Find the z-score (standard score) and percentile of a value.
Calculated instantly in your browser.
How do you calculate a z-score?
A z-score is calculated with z = (x − μ) ÷ σ, where x is your value, μ the mean and σ the standard deviation. It tells you how many standard deviations a value lies from the mean. A positive z-score is above the mean, a negative one below. Example: a score of 130 with mean 100 and standard deviation 15 gives z = 2.0, around the 97.7th percentile.
Understanding your result
A positive z-score is above the mean, a negative one below. The percentile assumes the data follows a normal (bell-curve) distribution.
Formula and method
z = (x − μ) ÷ σ. The percentile is the area under the standard normal curve to the left of z.

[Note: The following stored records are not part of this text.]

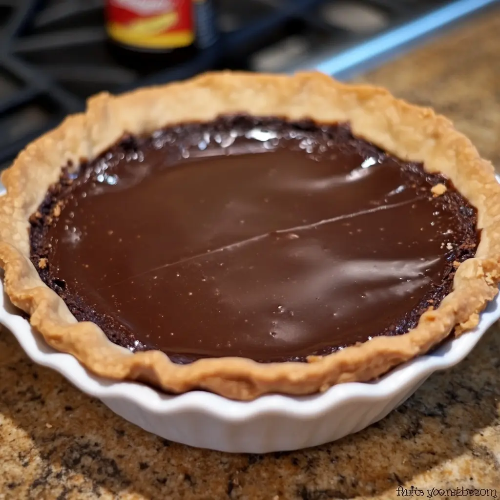 Pour the chocolate filling into the prepared crust (or directly into a greased pie dish if you’re skipping the crust). Spread the filling evenly. Bake in the preheated oven for 25-30 minutes, or until the center is set and the top looks slightly cracked. Once baked, remove the pie from the oven and allow it to cool slightly before slicing.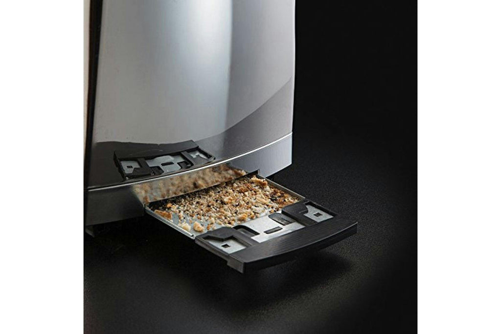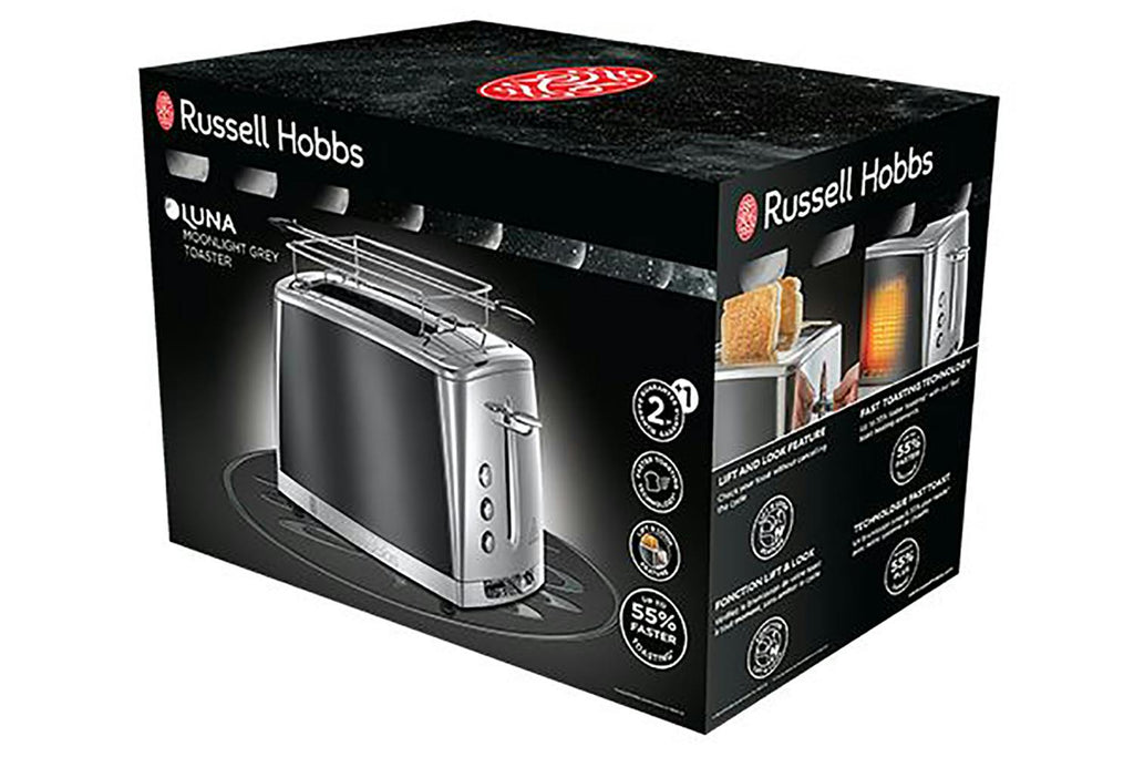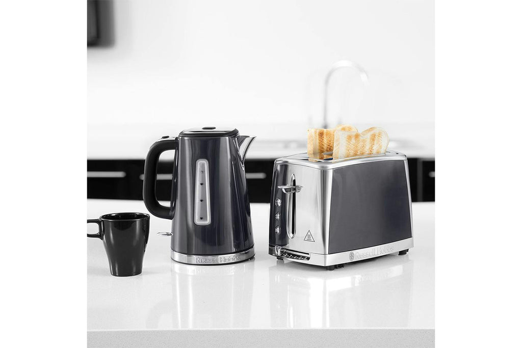 Add modern style to your kitchen with the Russell Hobbs Luna 23221 2-Slice Toaster, finished in sleek Moonlight Grey. It features extra-wide slots to accommodate thick slices, crumpets, or artisan bread. Use the browning control dial to customise your toast, and make use of its defrost, reheat, and cancel functions to get perfect results every time. The removable crumb tray makes cleaning easy, and the compact design fits neatly into smaller kitchens.
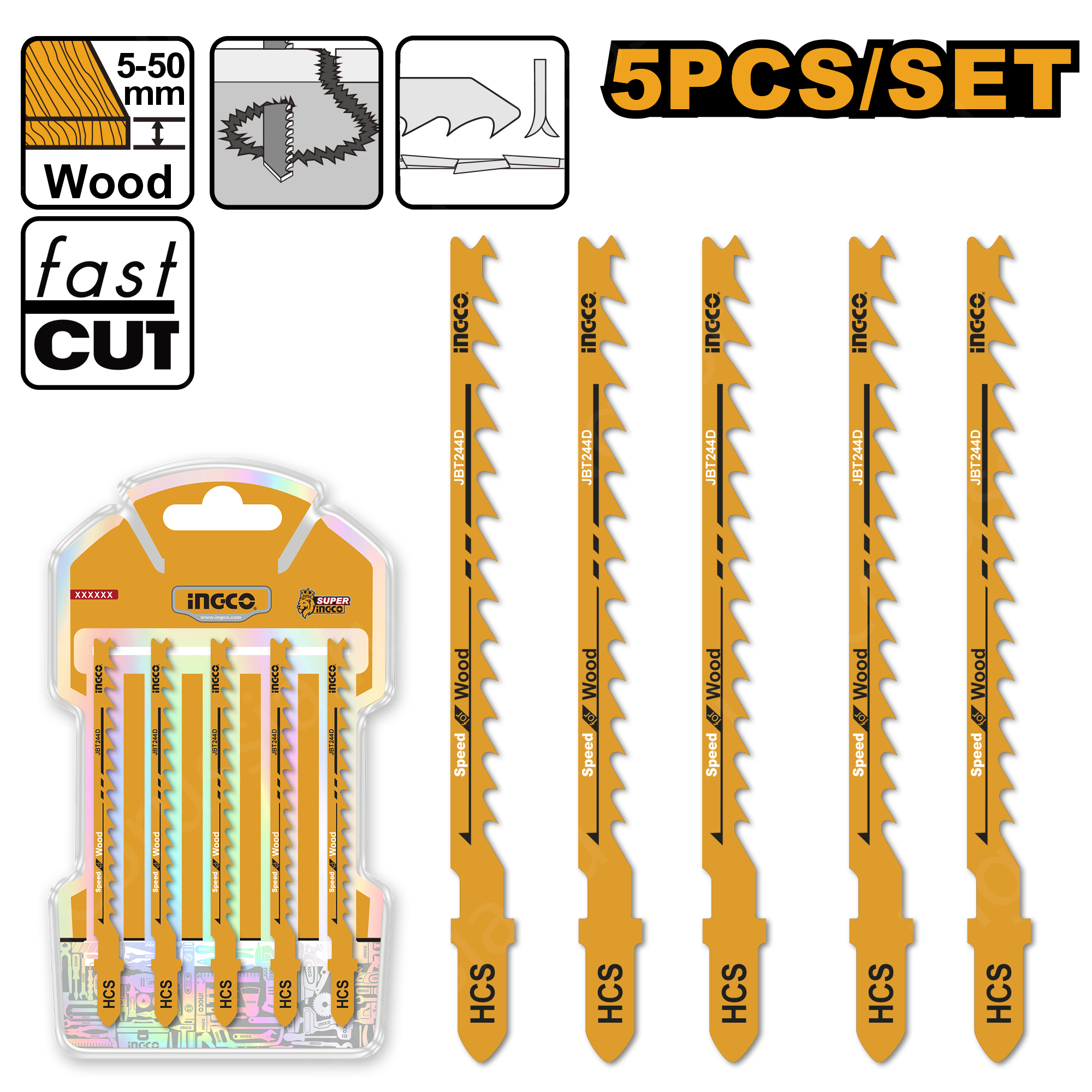 Набор пильных полотен по дереву INGCO JBT244D предназначен для работы по мягкой древесине (5-50 мм), ДСП, столярным плитам и ДВП, как рабочий элемент электролобзиков. Используются для выполнения криволинейных пропилов. Материал полотна - высокоуглеродистая сталь (HCS). Длина - 74 мм, 6 зубьев на дюйм. В комплекте 5 лезвий.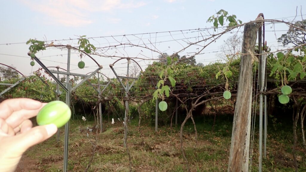 まだ未熟ですがパッションフルーツ。maracujáと呼ばれます。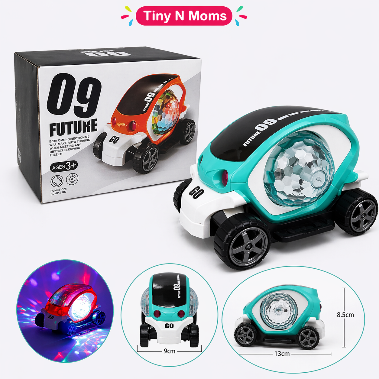 09 Future Car – 360 Degree Rotating with 3D Lights Musical and Flashing Light Sound, Bump and Stunt Action Games Toy for Kids – Pack of 1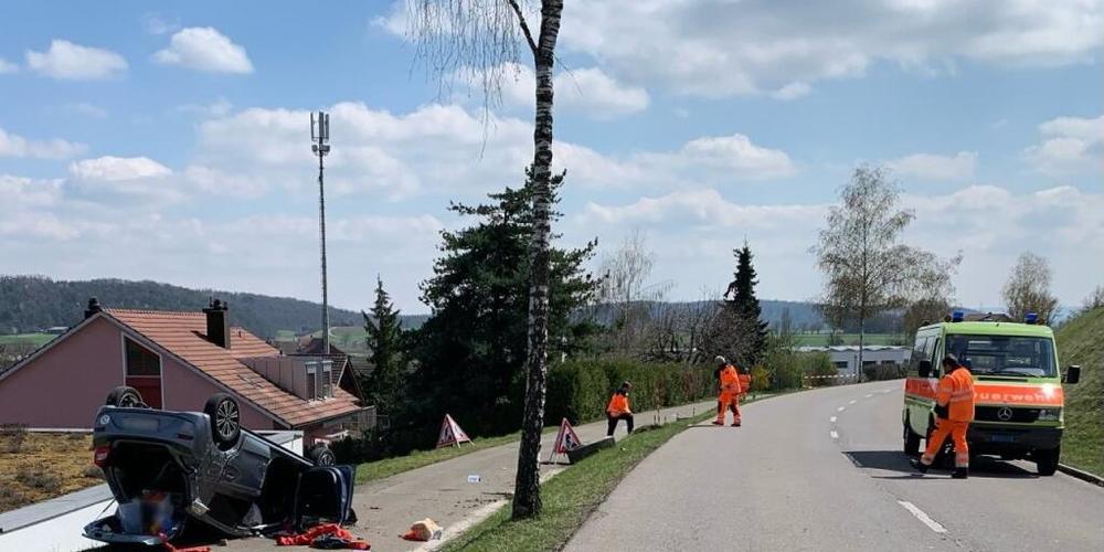 Dabei kollidierte er mit einem Betonsockel und überschlug sich, das Auto landete auf dem Dach. Der Mann wurde ins Spital gebracht.

Assumptions and limitations
This tool standardises a value using the mean and standard deviation you supply and reads a percentile from the standard normal curve. That percentile is only accurate when the data is approximately normally distributed; skewed or heavy-tailed data will be misrepresented. The standard deviation must be greater than zero, since a value of zero makes the z-score undefined.
Worked example
A score of 130 with a mean of 100 and standard deviation of 15 gives z = 2.0, around the 97.7th percentile.
How to use this tool
- Enter the value, the mean and the standard deviation.
- Read the z-score and its percentile.
Common mistakes to avoid
- Using a standard deviation of zero.
- Reading percentiles as exact for data that is not normally distributed.
About the Z-Score Calculator
The Z-Score Calculator tells you how many standard deviations a value lies from the mean, and converts that into a percentile on the normal distribution.
Who should use this tool
Statistics students, researchers and anyone comparing a result against a distribution.
Benefits
- Standardise any value against its distribution.
- Get the percentile and the probability above.
- Useful for grades, test scores and quality control.
- Private and instant.
Practical use cases
- Seeing how an exam score compares to the class.
- Spotting outliers in data.
- Converting a measurement to a percentile.
Frequently asked questions
What does a z-score of 0 mean?
It means the value is exactly equal to the mean, which sits at the 50th percentile.
Is the percentile always accurate?
The percentile assumes a normal distribution. For skewed data it is only an approximation.
Is the percentile reliable for any dataset?
No. The percentile is derived from the standard normal distribution and only holds when your data follows a roughly bell-shaped curve. For skewed distributions, small samples or data with heavy tails, the same z-score can correspond to a very different real percentile, so treat the figure as an approximation in those cases.